Ahh, the fall.
Holiday shopping. Travel. Family. Mentally preparing for Mariah Carey on repeat.
While there’s much to do as the holiday season approaches, it’s also prime time to review your portfolio. A handful of deadlines hit before December 31—missing them could mean starting 2026 a step behind.
While we can’t help you coordinate contest-winning Halloween costumes or an Instagram-worthy Thanksgiving Day spread, we can help you organize your financial calendar. From topping off retirement accounts to rebalancing your ETF holdings, let’s walk through what to keep on your radar between now and the NYE ball drop.
Life can be chaotic in the last quarter of the year. You’re juggling pumpkin-spiced everything, office parties, and the inevitable year-end fire drills at work.
So, why should ETF investors squeeze their portfolio into already packed schedules?
We get it…January is the ultimate “I’ll get my life in order” month. But pushing these tasks off until then could be a costly approach for investors.
Revisit your portfolio. When was the last time you reviewed your investment strategy? While you don’t need to break out the drawing board and start from scratch, it doesn’t hurt to make sure your ETF allocations still line up with your risk tolerance and goals.
Employ tax-loss harvesting. Even though markets have generally trended upward this year, you might still be sitting on some losses. October is a good time to consider realizing those losses to offset gains elsewhere. This is known as tax-loss harvesting. So long as you avoid buying “substantially identical” securities, you can reinvest the proceeds without throwing off your overall strategy, while minimizing your tax bill.
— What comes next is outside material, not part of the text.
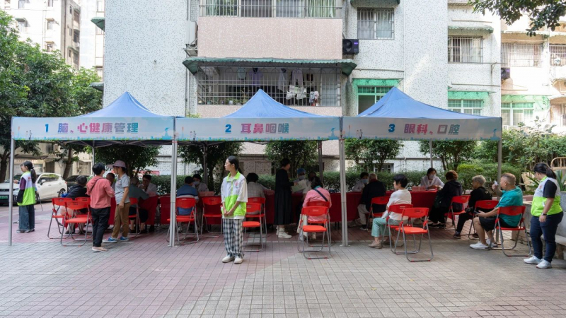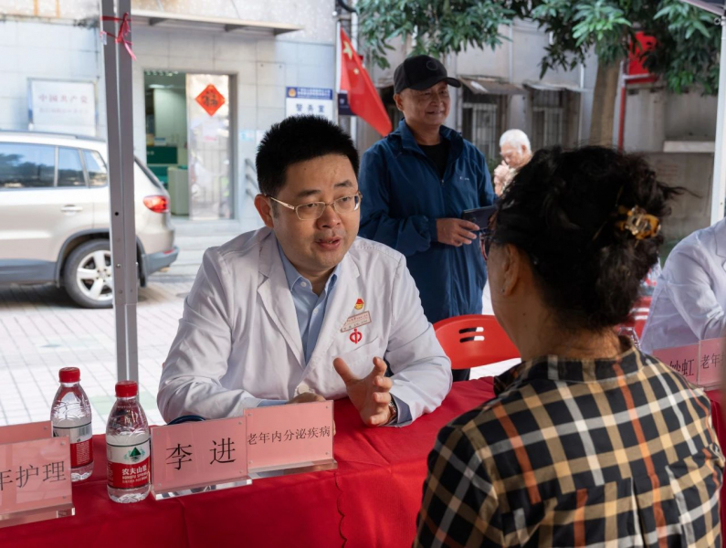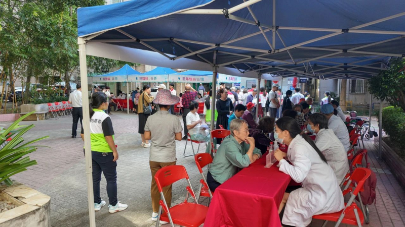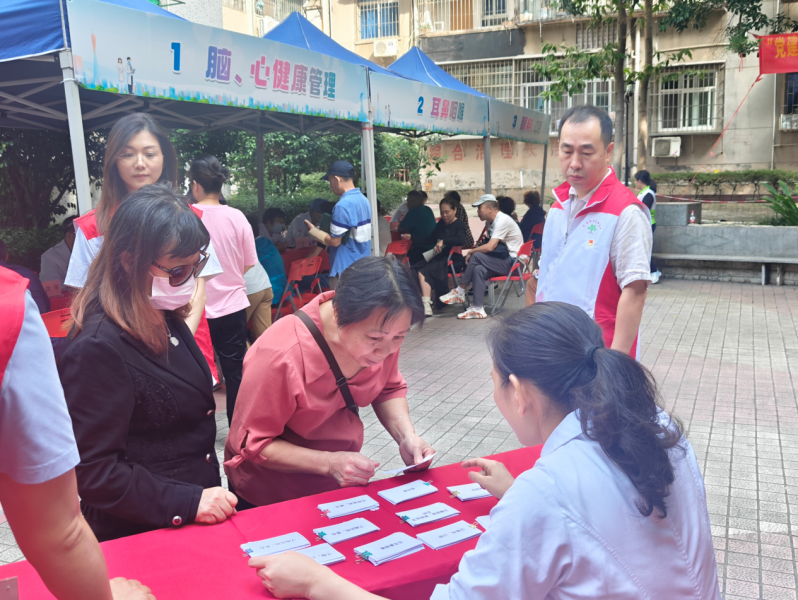 神经内科裴中教授带领其脑健康管理团队为老师们进行阿尔茨海默症早筛,受到居住在竹丝村小区高龄老人们的重视,还有教职工专程带家里的老人来到现场进行筛查。脑健康管理团队对筛查出认知功能异常的居民给予了详细的健康指导,并表示将纳入全程脑健康管理。

Check your contributions. Are you on track to max out your 401(k) or IRA? For 2025, the 401(k) employee contribution limit is $23,500 ($31,000 if you’re 50 or older),1 while the IRA limit is $7,000 ($8,000 for those 50 and older).2 If not, you still have a few pay periods left to bump up contributions.
Open that account you’ve been putting off. According to our 2025 Retail Investors by the Numbers Study, less than half of investors (48%) have a personal brokerage account.3 If you’ve been meaning to open a brokerage account, why not this month (or even today)? It sets you up to put new money to work before year end.
Start small. Even $100 dollars will do.
Yes, $100 is a suitable starting investment in most newly opened brokerage accounts. Want some smart, beginner-friendly ways to start investing with just $100 and build long-term wealth today?
Consider charitable contributions. The season of giving can also be the season of saving—on your tax bill. Donations made by December 31 may qualify for deductions if you itemize. If you’re already planning to give, November is a good time to act so you’re not rushing to the closest Goodwill while everyone else is sitting by the fire drinking hot chocolate.
Review retirement strategies. This is also a good checkpoint for IRA contributions and catch-up contributions if you’re 50 or older. While IRAs give you until tax day to contribute, 401(k) deadlines are tied to the calendar year. November offers just enough runway to adjust before the final pay periods hit.
Explore Roth conversions. If your income is lower this year than you expect in the future, converting part of a traditional IRA into a Roth IRA could make sense. You’ll pay taxes now, but qualified withdrawals down the road are tax-free. Keep in mind, conversions must be completed by December 31.
Map out next year’s plan. With the year winding down, November is the perfect time to set your 2026 roadmap. Whether that’s paying down high-interest debt, ensuring your emergency fund is adequately funded (and liquid), or simply clarifying your saving and investing goals, have a plan in place before the holidays—even if it’s just an initial draft.
Wrap up contributions. December 31 is the hard stop for 401(k) contributions. If you’ve been meaning to top off your account, now’s the time. IRA contributions can wait until April’s tax deadline—but don’t let that lull you into inaction.
Mind capital gains and dividends. December is when many funds make their final distributions. That could mean taxable capital gains showing up in your account, even if you didn’t sell any assets. Take a moment to check your holdings, and be mindful before adding new positions right before a payout.
Update the fine print. Beneficiary designations, insurance coverage, estate documents—they all tend to gather dust until life events force us to revisit them. A quick December refresh can save your future self a lot of hassle.
Schedule a planning conversation. December is also an apt time to sit down with a financial advisor (or even just yourself and a notebook) to review the past year and map out future goals. A 60-minute check-in now can prevent rushed decisions later.
Q4 is busy enough without financial to-dos, but carving out a little time now pays off down the road. From topping off retirement accounts and harvesting tax losses to updating beneficiaries and giving to causes you care about, the final months of the year are filled with opportunities (and a few hard deadlines).
Start getting everything squared away now, and you’ll enter 2026 clear-headed versus doing mental gymnastics over a pile of financial to-dos. And if the checklist feels overwhelming, that’s your cue to talk it through with someone you trust—or at the very least, block an hour or two to document your own plan.